Around 37% of trusts have at least one empty executive director position, a joint report has found.
Leadership in today’s NHS – Delivering the impossible, released by the King’s Fund and NHS Providers, analysed survey data from 145 trusts, qualitative interviews and a roundtable event with frontline leaders and national stakeholders.
The trusts that responded and shared their data included acute, mental health and learning disability, community, ambulance and care trusts.
Among the findings, the survey revealed that 8% of executive director posts are vacant and around 54% of directors took the role in the past three years.
The report concluded that ‘high vacancies and turnover disproportionally affect the organisations with the most significant performance challenges’.
On average, chief executives stay in the role for just three years, with trusts rated ‘inadequate’ by Care Quality Commission (CQC) suffering higher levels of turnovers.
These trusts reported 14% of posts vacant, while 72% of their executives had been appointed in 2017. But these figures plummet to 3% and 20% respectively in trusts rated ‘outstanding’ by the CQC.
The King’s Fund director of leadership and organisational development Suzie Bailey said: ‘Leaders in today’s NHS operate in a climate of extreme pressure: staffing vacancies are rife, there are widespread challenges in meeting financial and performance targets and demands on services continue to increase.’
‘Culture of blaming’
The risk of being penalised for poor performance and failure was identified one of the causes behind high levels of senior vacancies, the report concluded.
It asserted that responsibility for leadership should instead ‘be spread across the system’.
Several interviewees told researches that recent measures to remove leaders for ‘failing financial or performance targets suggested that individual leaders are sometimes held to account for system-wide problems’, making the director roles less attractive.
An anonymous NHS trust chief executive said: ‘The level of exposure is higher than it’s ever been and the knee-jerk response from ‘the centre’ is one of ‘decapitation’ as the first option… You’re just a quarter away from financial failure and performance failure before you get sacked.’
Leadership ‘not diverse’
The report confirmed that leadership in NHS trusts is ‘not diverse and does not reflect the wider NHS workforce or local communities’.
It found that only 7% of very senior managers in the NHS are from a Black, Asian and Minority Ethnic (BAME) background.
Commenting on the report, NHS Providers deputy chief executive Saffron Cordery said: ‘One of the solutions to our leadership challenge is to bring through a new generation of leaders that is more diverse and reflective of the communities the NHS serves.
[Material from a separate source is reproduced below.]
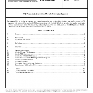 This SAE Standard provides a table of textual messages meeting the requirements for expressing “International Traveler Information Systems” (ITIS) phrases commonly used in the ITS industry. The tables provided herein follow the rules of SAE J2540 and therefore allow a local representation in various different languages, media expressions etc., to allow true international use of these phrases. The phrases are predominantly intended for use in the description of traffic related events of interest to travelers and other traffic practitioners. Other phrases exit for other specific specialty areas of ITS, and all such phrases follow a set of encoding and decoding rules outlined in SAE J2540 to ensure that the use of these phrases in messages remain interoperable between disparate types of user equipment.
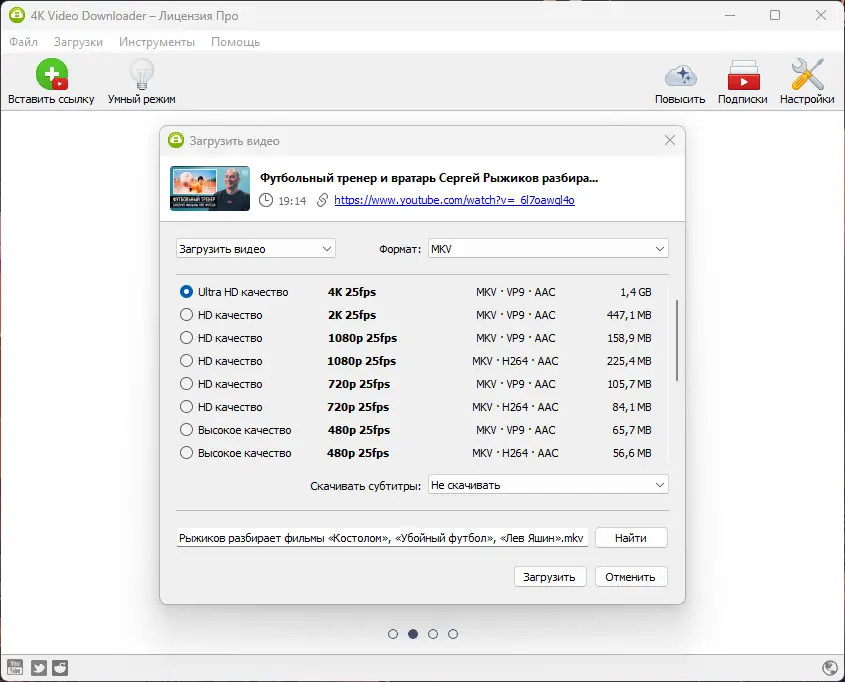 4K Video Downloader сочетает в себе скорость, надежность и широкие возможности для оффлайн-просмотра мультимедиа

While there has been some progress in recent years, there is still a huge amount to do on this front.
‘The data we now publish on leadership diversity within trusts is having a positive impact, but these are small steps and we need to create an environment in which NHS organisations are able to take on less experienced candidates with confidence. Nurturing talent and embracing diversity must go hand in hand.’
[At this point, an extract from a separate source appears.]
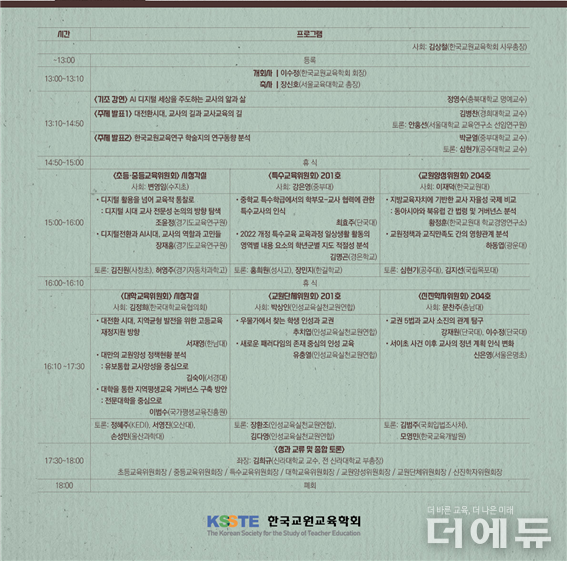 ‘교원양성’ 세션에서는 교사 자율성과 교직 만족도를, ‘신진학자’ 세션은 교권 5법과 서이초 사건 이후 교사의 인식을 심도 깊게 논의한다.

‘Represent our population’
Commissioners and providers are required to implement the Workforce Race Equality Standard (WRES) to ensure employees from BAME backgrounds have the same career opportunities as others.
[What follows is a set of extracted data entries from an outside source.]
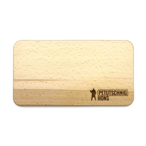 Frühstücksbrettchen aus unbehandelter und unverleimter Buche aus Europäischer Herstellung, mit graviertem Petutschnig Hons-Logo.
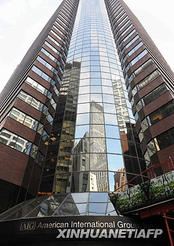 圖為2008年9月17日在美國紐約曼哈頓拍攝的美國國際集團(AIG)辦公樓的資料照片。新華社/法新
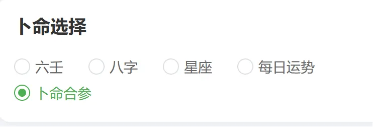 卜命选择,勾选卜命合参,将大六壬和八字命理完美融合起来,发挥各自优势特长,从不同的角度来解决卦主的问题,六壬侧重分析事件细节,八字侧重分析运势方向,起到1+1>2的效果。双剑合璧,威力无穷。
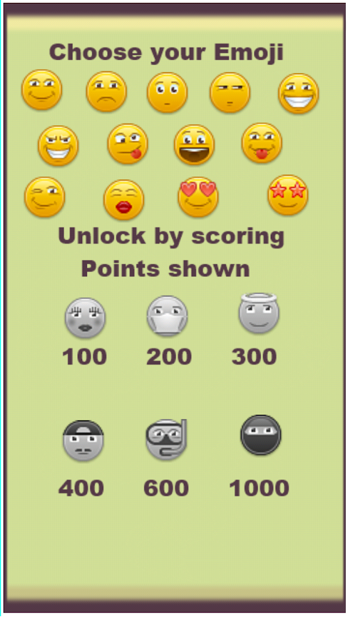 Pick from 13 Emojis,and score high to add more to your selection
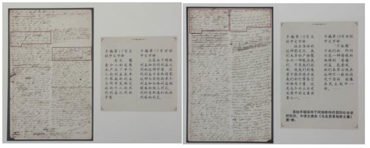 第二部分“手稿藏书 经久弥珍”,展出了15份马克思、恩格斯的原始手稿,它们是马克思主义经典著作编纂工作的文献源头,具有极为珍贵的文献价值和文物价值。

Leaders should then act in response to the WRES data they collect within their organisation. For instance, after reviewing her organisation’s WRES data, chief executive of Birmingham Women’s and Children’s NHS Foundation Trust Sarah-Jane Marsh, decided not to sit on any interview panel that does not include a BAME member.
Speaking at a King’s Fund panel on 18 July, discussing the findings in the report, Milton Keynes University Hospital NHS Foundation Trust chief executive Joe Harrison said he is not sure that enough emphasis is given to spotting talent in the NHS.
He added: ‘We need to think how to encourage our entire organisation to interact in a way that we can best represent our population. I don’t yet know of an organisation that, from an acute hospital prospective, is appropriately represented.
‘How are we actively going out into our community? It is one of my roles as a chief executive to go out and talk at local schools and universities to encourage people to come into the NHS to pick up talent and work with those individuals to actively promote them into the next leadership. We as an NHS have a responsibility to do that.’